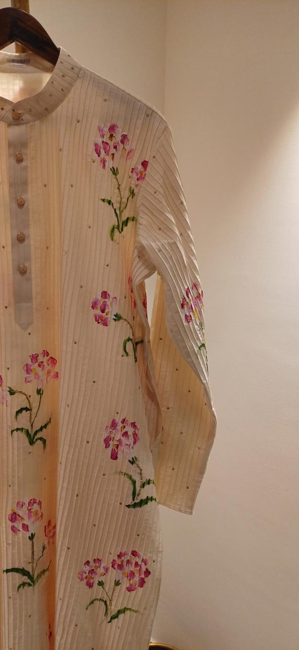 Hand painted carnations on a dull ivory cotton silk Men's kurta enhanced with hand embroidered minimal Sitara’s & pin tucks done on fabric
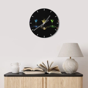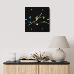 Väggklocka - Klocka på glas - Färgglada drycker i glas på svart bakgrund - 30x30cm - Glädjens färger i kristallglaset - Modern väggdekoration för vardagsrum, kök och sovrum ARTTOR
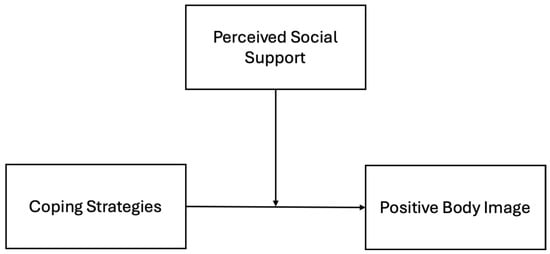 Additionally, guided by the Social Support Buffer Theory [23], which emphasizes the protective role of social support in mitigating the adverse psychological and physical effects of stress, this study aimed to address an important gap in the literature by exploring the moderating role of perceived social support in the relationship between coping strategies and positive body image (see Figure 1 for the conceptual model proposed). While prior research has examined the general benefits of social support and its impact on mental health outcomes, in the context of cancer [24,25,26,27], little is known about how social support interacts with coping strategies to foster positive body image in young women with BC.

• [WHAT TO PRODUCE]: The lines from the one holding "Väggklocka - Klocka" through the end of the material above are to be echoed exactly, both ends included. Do not include pictures.

• [WRITTEN ANSWER]:
 Väggklocka - Klocka på glas - Färgglada drycker i glas på svart bakgrund - 30x30cm - Glädjens färger i kristallglaset - Modern väggdekoration för vardagsrum, kök och sovrum ARTTOR
 Additionally, guided by the Social Support Buffer Theory [23], which emphasizes the protective role of social support in mitigating the adverse psychological and physical effects of stress, this study aimed to address an important gap in the literature by exploring the moderating role of perceived social support in the relationship between coping strategies and positive body image (see Figure 1 for the conceptual model proposed). While prior research has examined the general benefits of social support and its impact on mental health outcomes, in the context of cancer [24,25,26,27], little is known about how social support interacts with coping strategies to foster positive body image in young women with BC.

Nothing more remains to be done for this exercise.